I’d been puzzled about why, in its now‐overturned order, Montgomery County had selected a particular date, October 1, two months out—did that reflect some sort of public health or scientific insight? Then someone pointed out that September 30 is the cutoff date in Maryland to count official public school enrollment. Many real‐world consequences, including but not limited to the magnitude of state and federal grants, depend on the count as of that date.
Note also that at a press briefing July 22, Montgomery County Public Schools (MCPS) Superintendent Dr. Jack Smith said MCPS enrollment of new students was coming in well below expectations, with only about 300 K-12 new students enrolled as of the beginning of July compared with the more than 2,500 that had been projected by the end of August.

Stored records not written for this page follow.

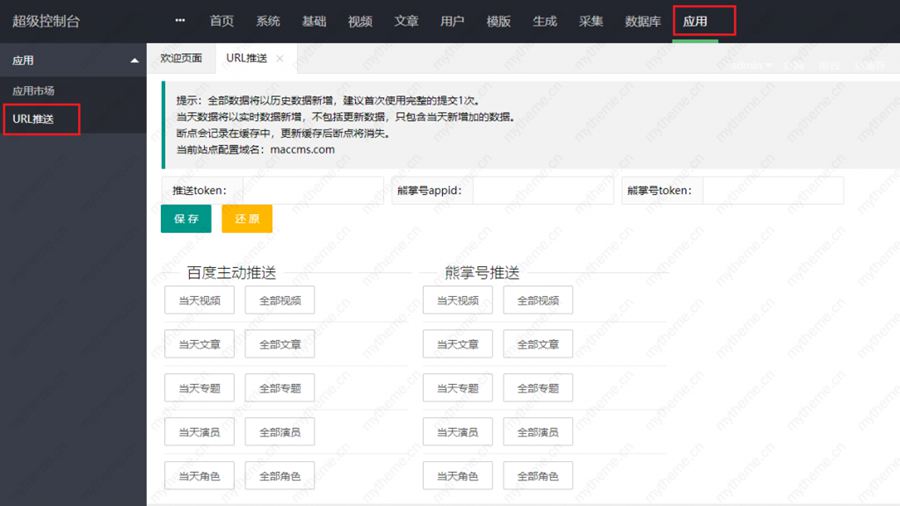 1、复制token后到苹果cmsv10后台>应用>URL推送>把复制的内容粘贴到>>推送tokne的框里保存,看图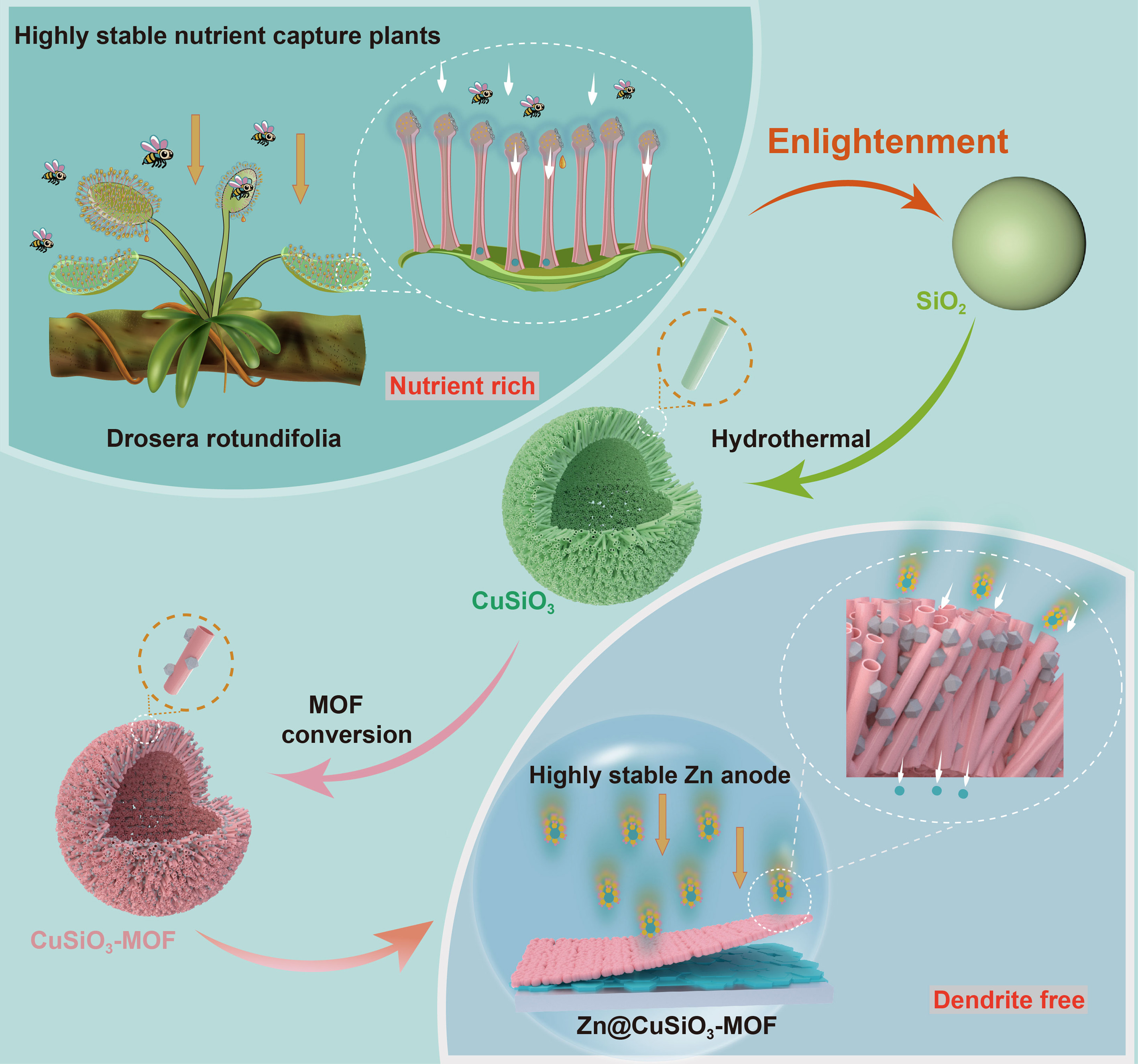 为解决这些挑战,球友会平台(中国)赵毅研究员团队从圆叶茅膏菜的生物机制和共生结构中汲取灵感,提出了一种原位MOF转化构建的分级中空CuSiO3-MOF杂化材料。这种仿生杂化材料作为锌负极人工保护层,可为锌负极提供优异的结构稳定性、丰富的亲锌位点、强大的去溶剂化能力和快速的离子迁移能力,从而实现高度稳定的无枝晶锌沉积/剥离过程,并有效抑制与水相关的副反应。在低电流密度下,Zn@CuSiO3-MOF对称电池展现出超过3500小时的超长循环寿命。即使在45%和90%的高放电深度下,该电池仍分别保持1200小时和400小时的稳定循环性能,显著优于大多数已报道的MOF修饰负极。此外,以MnO₂和C@V₂O₃为正极的全电池表现出卓越的循环性能和倍率性能,进一步凸显Zn@CuSiO3-MOF负极在电网储能和可穿戴电子设备中的实际应用潜力。这一仿生策略为构建稳定MOF基杂化材料用于高性能锌金属负极提供了一种可行的方法。研究成果以“A Biomimetic Copper Silicate-MOF Hybrid for Highly Stable Zn Metal Anode”为题,发表于材料顶级期刊《Advanced Materials》。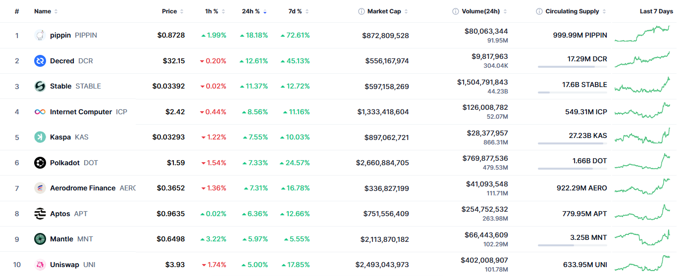 Incluso con el ligero retroceso, UNI se ubica así como el décimo criptoactivo con mejor desempeño en las últimas 24 horas de los cien que tienen más capitalización.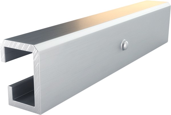 Schiene schwarz zur Befestigung von PV-Modulen.
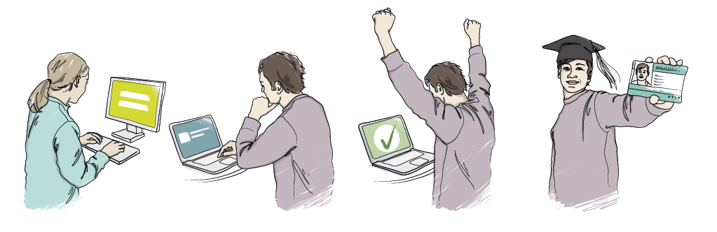 - Inloggningsuppgifter skickas till eleverna, som då är behöriga till anmäld kurs. Prata med din yrkesutbildningsansvariga eller handledare vid problem. Kontakta support i andra hand.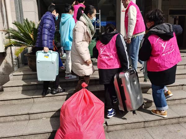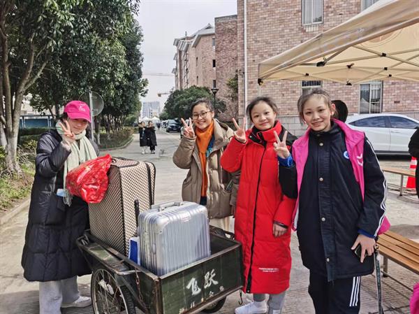 二月杭州的早晨,寒意未减半分。报到当天,戏曲学院副书记、辅导员、班主任们,早早就在校门口、公寓楼前守候,等候学子们归来。来自戏曲学院各班的志愿者们,热情洋溢,笑容满面,在老师们带领下,来回穿梭于校门与宿舍,帮助同学们搬运行李、整理内务,让同学们第一时间感受到回家的温暖。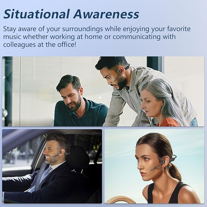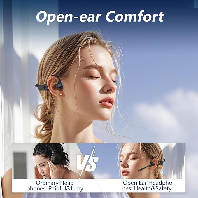 - [Air Conduction Open-Ear Headphones] Bluetooth headset don't need to plug into your ears compared to traditional headphones, it keeps your ear canal clean and protects your hearing from eardrum damage caused by wearing ordinary headphones for a long time. Bluetooth headphones not cover your ears, which ensures your ears stay open and fully alert while listening to whatever you want for maximum situational awareness, safety and connection. (Please check headphone size before purchaser)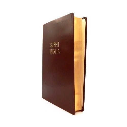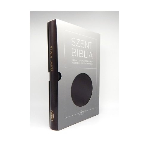 Bőrhatású, sötétbarna színű, nagy Biblia, arany felirattal, a Patmos kiadásában. Részletes térképekkel, kronológiai táblázatokkal, kereszthivatkozásokkal, Jézus szavai piros kiemeléssel. Exkluzív minőség: arany színű lapszél, varrott szegély, karton védőtok.
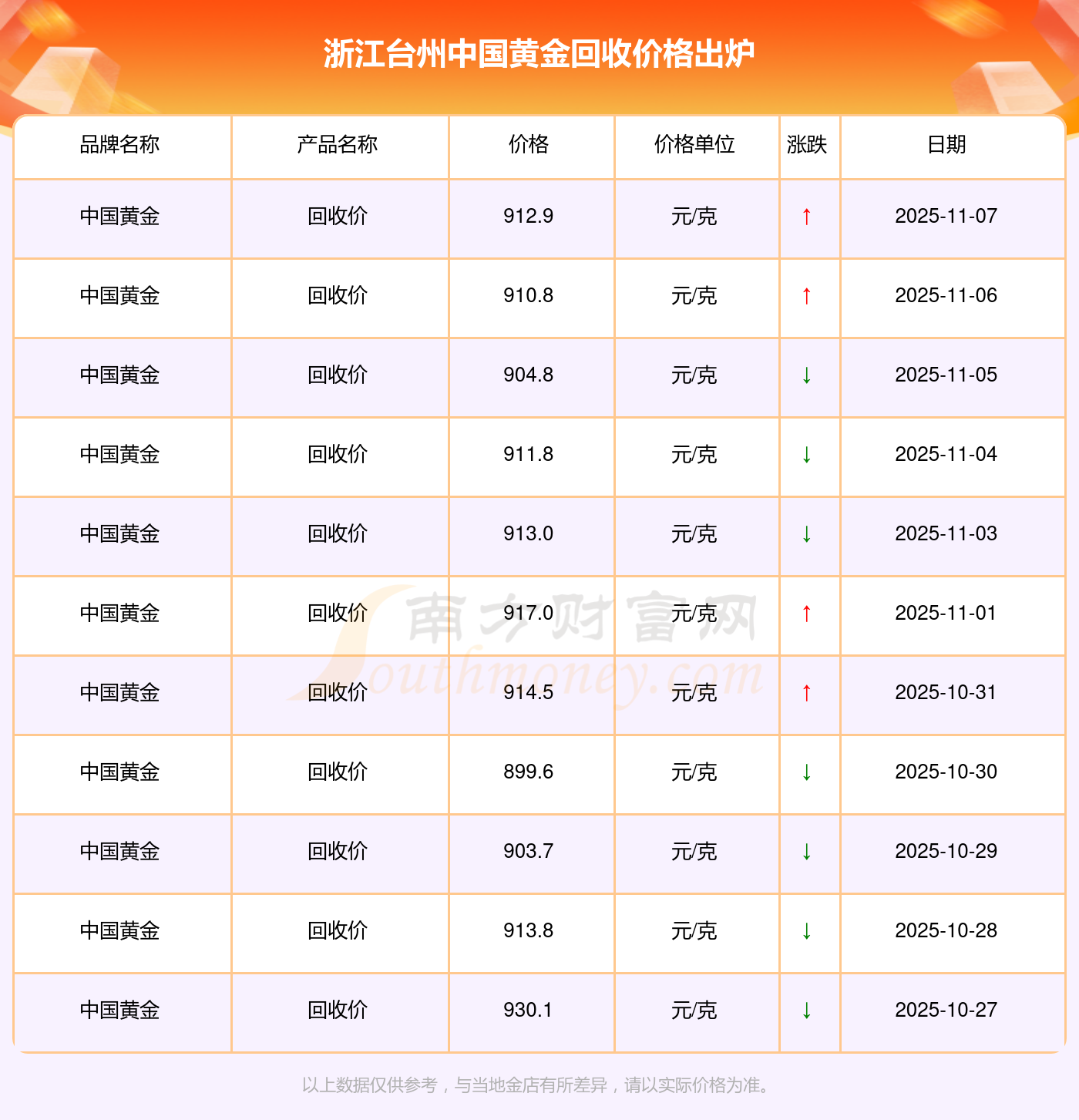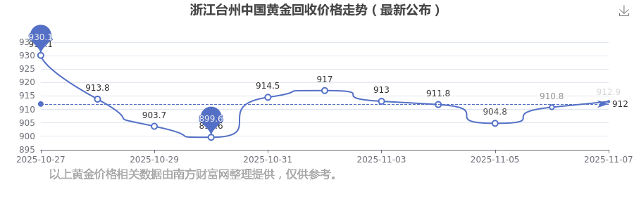912.9元/克的回收價格,是浙江臺州中國黃金在 2025年11月8日給出的。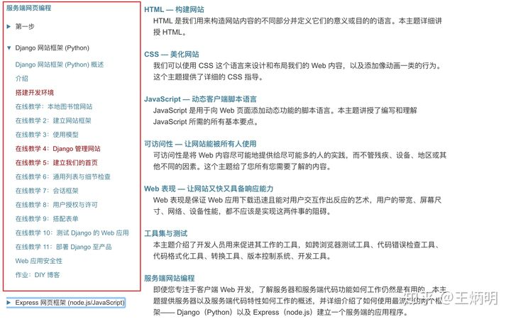 该网站可以让你从0开始学习Web,包括前端(HTML,CSS,JS)、后端(Django)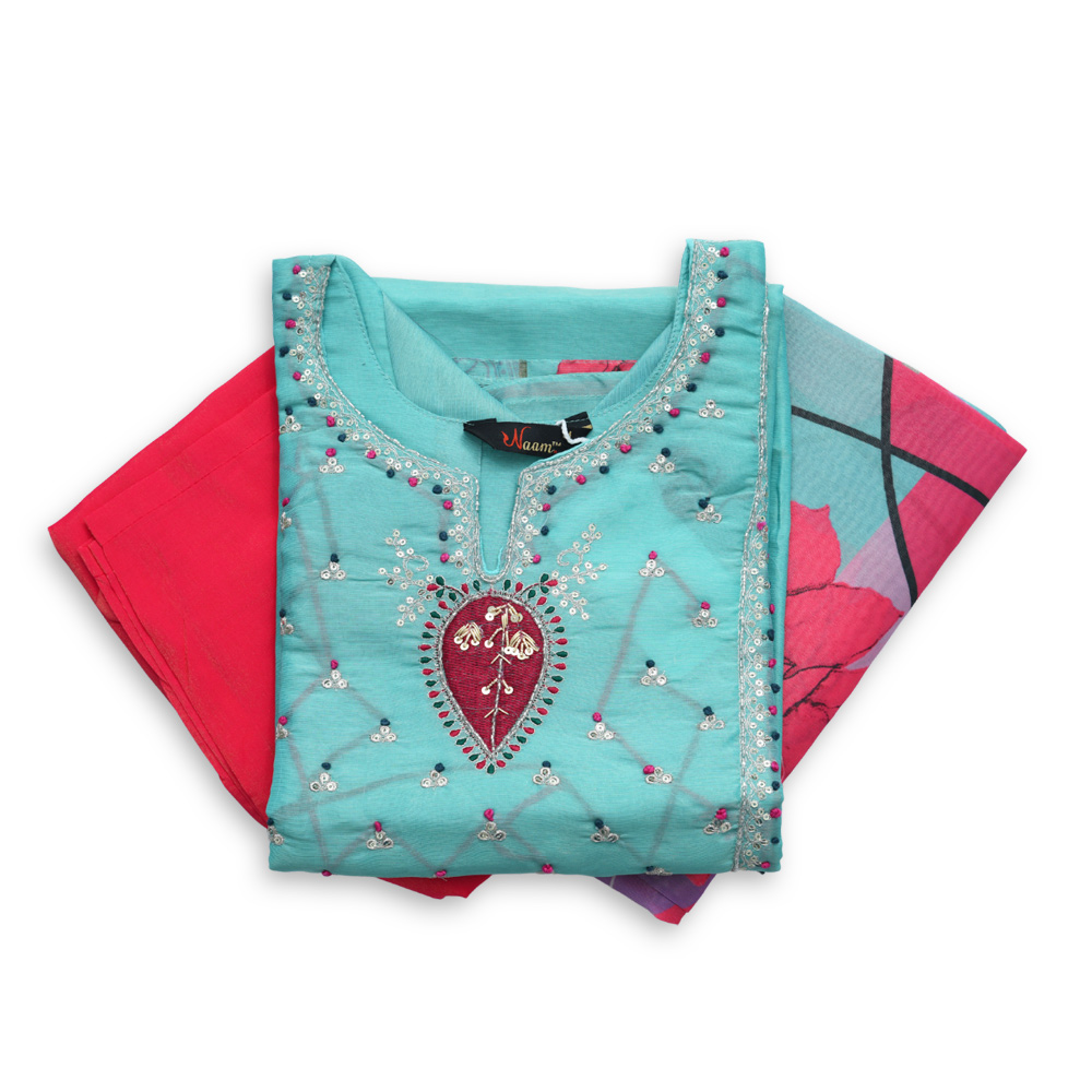 Add a fresh and stylish piece to your collection with this embroidered salwar suit set. The eye-catching neckline and soft fabric make it both fashionable and comfortable. With its 3/4 sleeves and beautifully printed dupatta, this outfit ensures you look polished and feel confident all day long.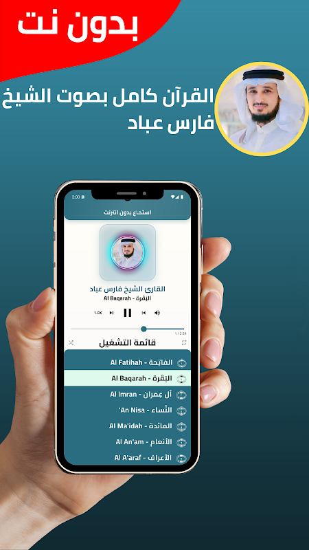 Definición de la aplicación del Sagrado Corán en la voz del recitador Sheikh Fares Abbad sin Internet: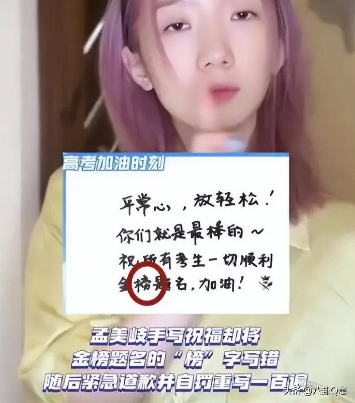 女星孟美岐,参加某节目时,被要求写下金榜题名四个字。按理说,这是一道送分题,但孟美岐却实打实地写错了榜字。网友们纷纷指正,大家都不敢相信她竟然连这么简单的字都不会写。这已经不是她第一次犯错了,之前她写纯甄的甄字也出现过错误,大家还可以理解为笔画太多。但这次连最简单的榜字都写错,这就让人有些怀疑她是否存在真正的基础问题了。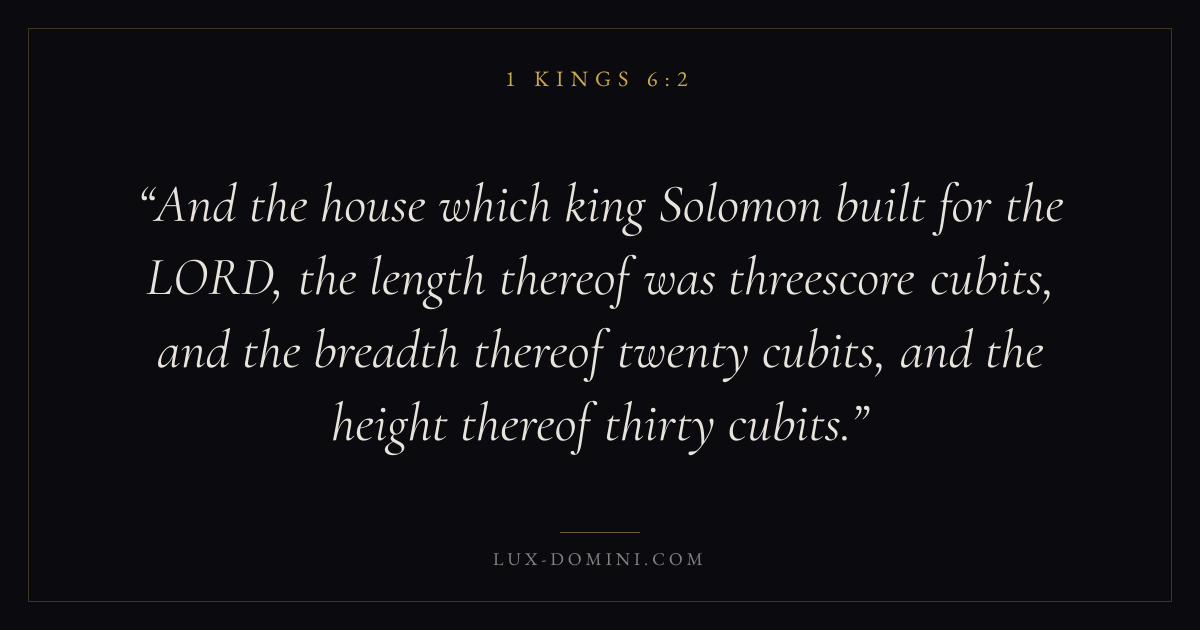 And the house which king Solomon built for the LORD, the length thereof was threescore cubits, and the breadth thereof twenty cubits, and the height thereof thirty cubits.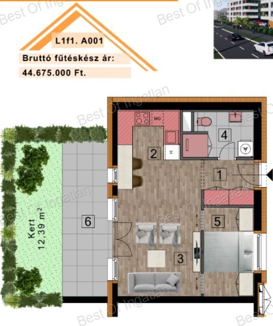 A hirdetésben szereplő L1. típusú, földszinti lakás 38,30 m2 + 11,15 m2 terasszal, 12,39 m2-es kizárólagos használatú zöld területtel.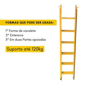 * SISTEMA 3 EM 1: Use como escada Extensiva (reta, até 3m), em formato Cavalete (tipo A, 1,67m) ou separada em Duas Partes independentes de 1,80m.
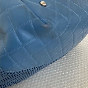 Rare blue authentic Chanel bag with silver hardware and chain handles. Preloved, in nice condition.

The safety issues here are complex and I don’t know what the right answers are, or whether there is exactly one such answer right for all kids and schools. While Montgomery County and nearby areas have had a lot of success getting COVID-19 transmission levels down, both the local prevalence of the virus and the state of knowledge about transmission and risk change constantly.
But I can see why there’s a problem in leaving an arbitrary power to shut down private and religious schools in the hands of their biggest competitor.